The New Version of Databricks Connect

​ Databricks Connect is a tool that simplifies data processing using Apache Spark. The new version has the following features: ​

  1. Separated client and server architecture

  2. The client can be used in IDEs and data applications

  3. Supports applications including TypeScript

​ This allows developers to build, debug, and integrate Spark in their preferred development environment. ​

Separation of Client and Server Architecture

​ The new version of Databricks Connect features a separated client and server architecture, providing the following benefits: ​

  1. Easier client-side development

  2. Efficient resource management on the server-side

  3. Optimized communication between client and server

​ Developers can focus on client-side development, while Databricks Connect automatically handles server-side resource management and communication optimization. ​

Using the Client in IDEs and Data Applications

​ The new version of Databricks Connect allows the client to be used in IDEs and data applications, offering the following benefits: ​

  1. Developers can use Spark in their familiar development environment

  2. Easier integration between data applications and Spark

  3. Efficient debugging and testing

​ Developers can build, debug, and integrate Spark in their preferred development environment, and smoothly collaborate with data applications. ​

Embedding Spark in Applications Including TypeScript

​ The new version of Databricks Connect supports applications that include TypeScript, providing the following benefits: ​

  1. Development leveraging TypeScript's type safety is possible

  2. Compatibility with JavaScript is maintained

  3. Supports modern front-end development

​ Developers can easily embed Spark in their TypeScript-based application development. ​

Summary

​ The lecture covered highly interesting content, such as the introduction and usage of Databricks Connect, improvements by Spark Connect, the new version of Databricks Connect, and how to embed Spark in applications including TypeScript.
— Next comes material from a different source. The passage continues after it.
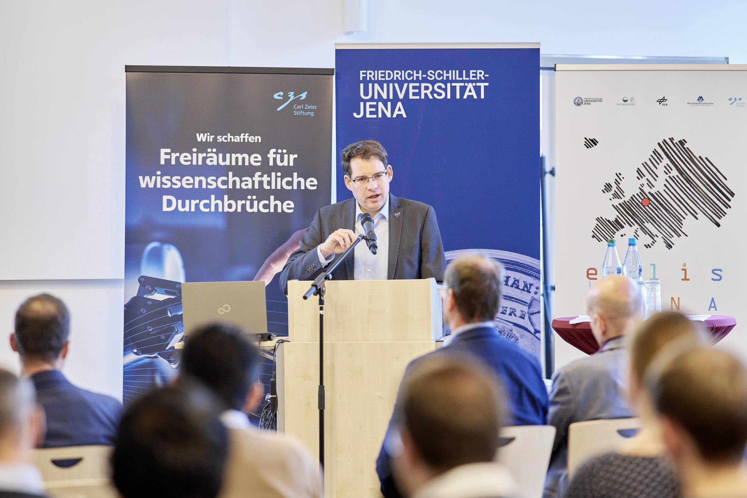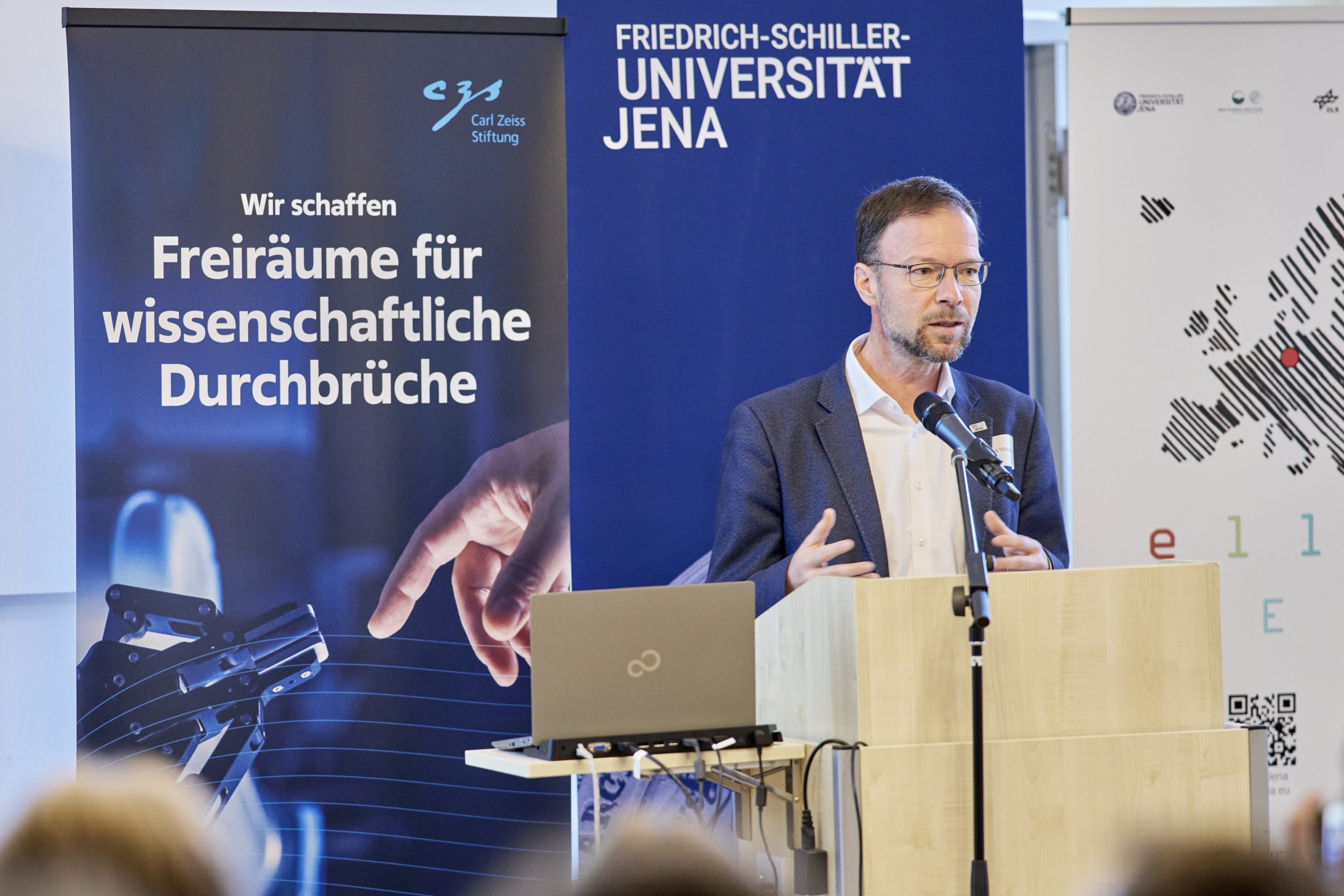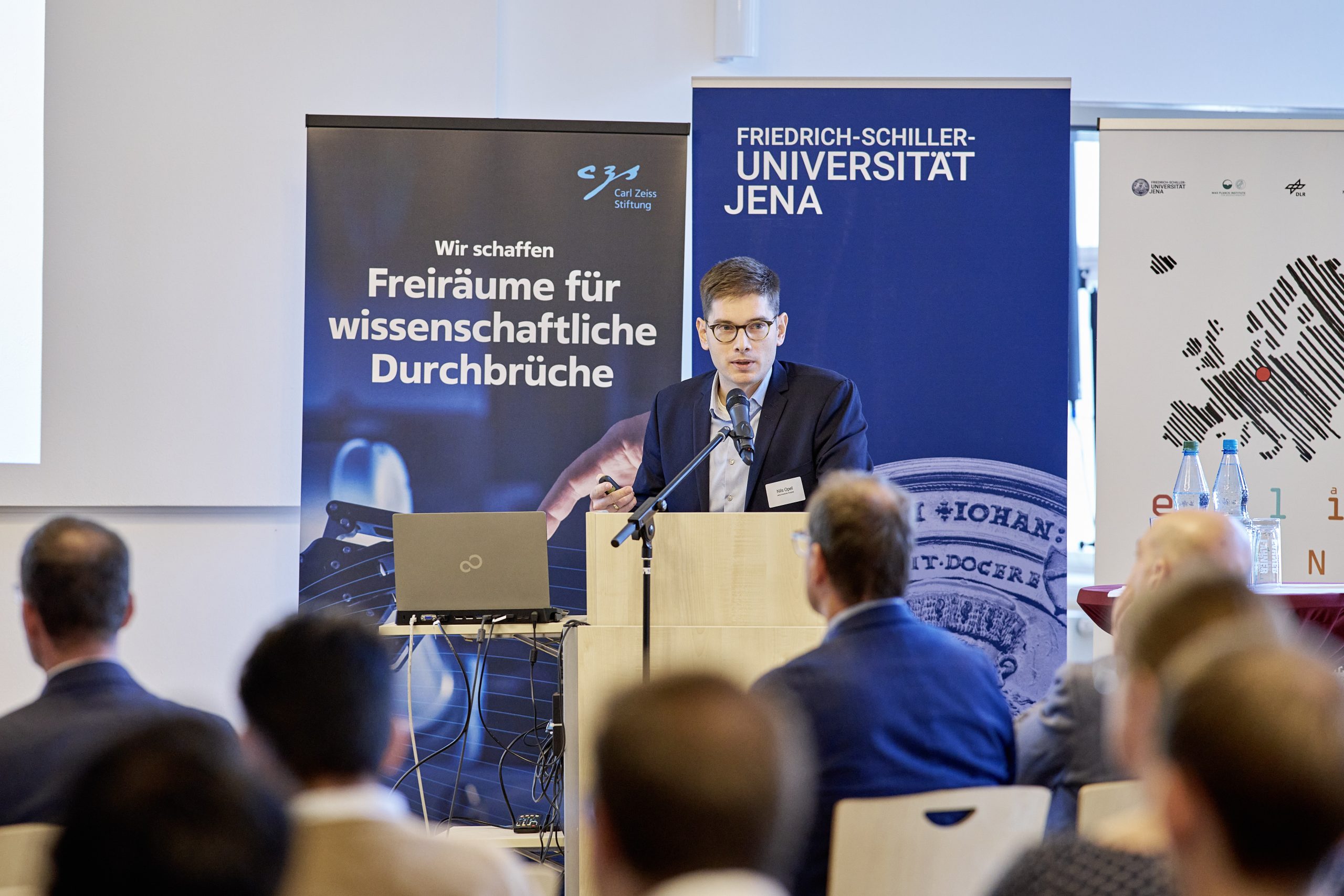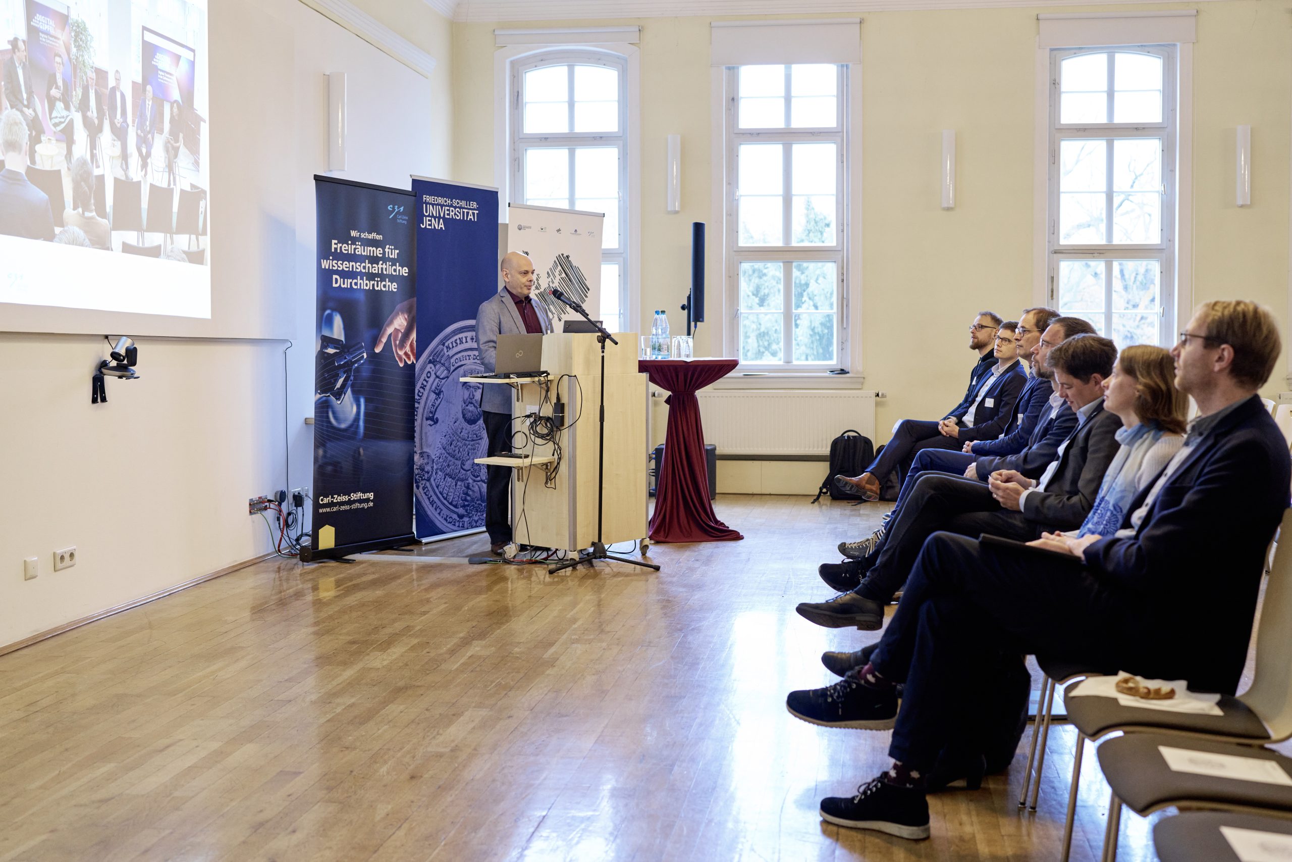 On November 27th, 2023, AI experts from various research projects in Jena gathered in the Rosensäle of Friedrich Schiller University Jena to exchange ideas on the topic of AI and present their developments and innovations. The event was organized by the ELLIS unit Jena in collaboration with the Carl Zeiss Foundation. Ranging from research in earth sciences to sensor-assisted surgery and smart communities, the projects showcased how AI could enhance daily lives and offered insights into the diverse research achievements in the field of AI in Jena.

By utilizing this information, developers can use Spark more efficiently and improve data processing and analysis efficiency. We look forward to keeping an eye on the evolution of such technologies in the future.

Conclusion

This content based on reports from members on site participating in DAIS sessions. During the DAIS period, articles related to the sessions will be posted on the special site below, so please take a look.

Translated by Johann

www.ap-com.co.jp

Thank you for your continued support!